Abbreviations: AD, Alzheimer's disease; SD, standard deviation; TPO, thrombopoietin; IL-18, interleukin-18; FABP3, fatty acid binding protein; PPY, pancreatic polypeptide Y; I309, chemokine I309; SAA, serum amyloid A; CRP, C-reactive protein; sVCAM, soluble vascular adhesion molecule; sICAM, soluble intercellular adhesion molecule; A2M, alpha-2-macroglobulin; B2M, beta-2 microglobulin; FVII, Factor VII; adipo, adiponectin; apoJ, apolipoprotein J.

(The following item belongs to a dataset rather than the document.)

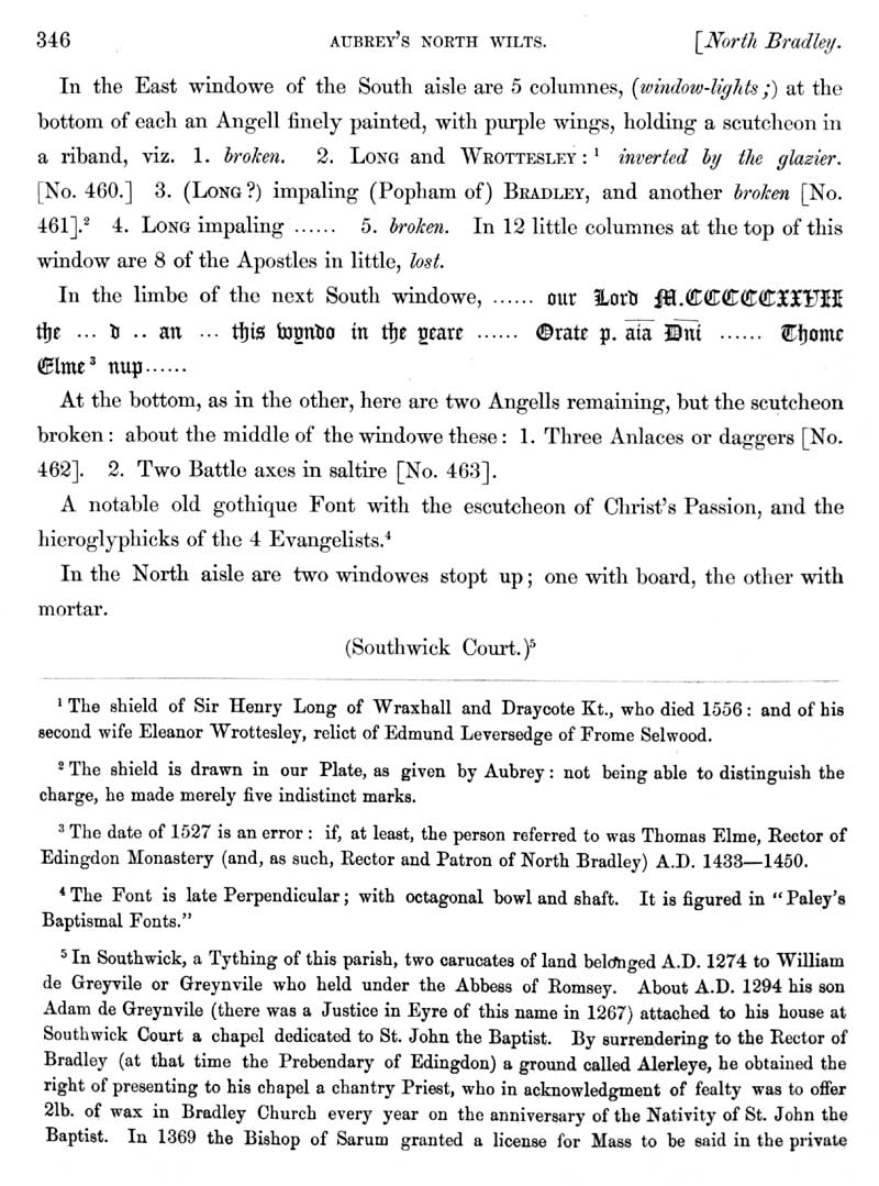 Page 2 History of North Bradley; the church, monumental inscriptions, Long family, Southwick.

Before adjustment for confounders, biomarkers such as PPY, I309, and B2M were able to significantly differentiate (P < .00036) between nontransitional and stable AD categories at both 18- and 36-month time points. At the 18-month but not at the 36-month time point, FABP3 and apoJ were able to differentiate between nontransitional and stable AD (P < .00036). At the 36-month but not at the 18-month time point, SAA and sVCAM were able to differentiate between nontransitional and stable AD (P < .00036). None of these associations were statistically significant after adjustment for age, gender, and APOE ε4 allele status. Finally, apoJ was significantly increased in the stable AD group compared with the nontransition group at 18 months, both before and after adjustment for confounders (P < .00036).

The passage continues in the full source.